A Pictorial Blog of Things I Make,
Items I Collect, Architecture I Love,
and Other Stuff



Monday, February 7, 2011

Manhattan Golden Guys

 Of the 51 works of sculpture sprinkled around Central Park, three are gilded--among them, this portrait bust of John Purroy Mitchel.

 Handsome, progressive, Kennedy-esque, Mitchel was mayor of New York City from 1914 to 1917--at 34, the youngest ever elected. He died 13 days shy of his 39th birthday when, seat belt recklessly unfastened, he fell 500 feet out of an airplane during a World War I training flight near Lake Charles, La. This is his memorial, near Fifth Avenue and East 90th Street

 On the Ukrainian-American Freedom Foundation at 136 Second Avenue is this plaque of Taras Shevchenko (1814-1861), a poet whose work is considered the foundation of modern Ukrainian literature.

Puck, the knavish sprite from A Midsummer's Night Dream, poses with a prodigious pen over the doorway to what was once, at 295 Lafayette Street, headquarters of Puck, the nation's first humor magazine.

This gold-leafed composition by Augustus Saint-Gaudens of William Tecumseh Sherman is losing some of its luster because of weathering and the large number of pigeons "resting" on the monument, in Grand Army Plaza at Fifth Avenue and 59th Street.
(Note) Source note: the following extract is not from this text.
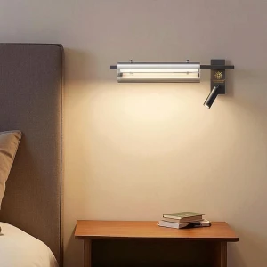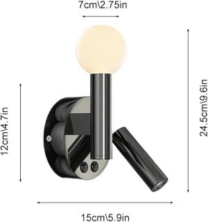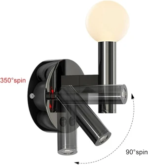 Black LED Wall Lamp with Adjustable Spot Light - Tricolour
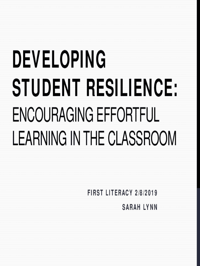 DEVELOPING STUDENT RESILIENCE: ENCOURAGING EFFORTFUL LEARNING IN THE CLASSROOM FIRST LITERACY 2/8/2019 SARAH LYNNTEACHER SHARE Is there anything you tried in your classroom and would like to share

In her hand a palm branch signifying peace, Nike, winged goddess of victory, leads the general and his lively steed.

 It is a falsehood that Washington Irving lived at 122 East 17th Street, address of the edifice to which this plaque is attached. The circa-1845 house was actually built for the writer's nephew, John T. Irving, and though Washington Irving was indeed a frequent visitor, his country estate Sunnyside in Tarrytown, N.Y., was home. 

 In defiance of Zeus, Prometheus gifted mortals on Earth (represented by the mountain-like base) with fire from the heavens (symbolized by the ring of zodiac signs). For this no-no, Zeus  punished the Titan by having him bound to a rock where a fearsome eagle feasted upon his liver only for it to regenerate and be re-devoured the next day ad infinitum--an aspect of the myth omitted from this 1934 Paul Manship sculpture, the focal point of Rockefeller Center.

 On the porch railing of the Players Club, 16 Gramercy Park South, are figures representing comedy and tragedy.  

  The bust above the Art Deco entrance of the Brill Building at 1619 Broadway is of Alan E. Lefcourt, the building-developer's son, who died in 1930, age 17. Composed in this homestead of music industry offices and studios were standards like "The Look of Love" by Burt Bacharach and Hal David, "The Loco-Motion" by Gerry Goffin and Carole King and "Calendar Girl" by Neil Sekada and Howard Greenfield.